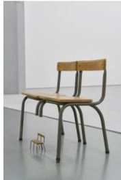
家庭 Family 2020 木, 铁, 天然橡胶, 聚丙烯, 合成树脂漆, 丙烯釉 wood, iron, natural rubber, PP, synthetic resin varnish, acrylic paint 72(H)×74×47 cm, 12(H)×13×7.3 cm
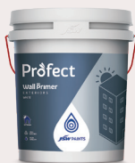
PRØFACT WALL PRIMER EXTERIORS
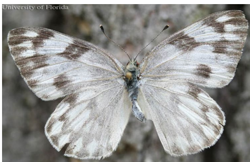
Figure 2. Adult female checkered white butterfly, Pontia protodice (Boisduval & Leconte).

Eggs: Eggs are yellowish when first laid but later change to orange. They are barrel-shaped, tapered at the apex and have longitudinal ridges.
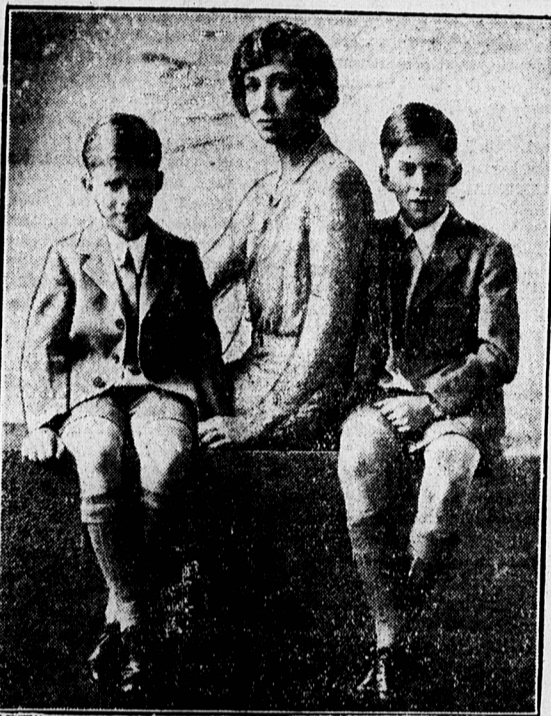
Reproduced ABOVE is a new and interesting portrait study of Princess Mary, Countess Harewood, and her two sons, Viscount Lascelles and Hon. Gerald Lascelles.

####

● What is required:
Would you output only the span of the records above that opens with the line containing "PRØFACT WALL PRIMER EXTERIORS" and closes with the line containing "Eggs: Eggs are", ends included and pictures dropped?

● Exercise output:
PRØFACT WALL PRIMER EXTERIORS
Figure 2. Adult female checkered white butterfly, Pontia protodice (Boisduval & Leconte).

Eggs: Eggs are yellowish when first laid but later change to orange. They are barrel-shaped, tapered at the apex and have longitudinal ridges.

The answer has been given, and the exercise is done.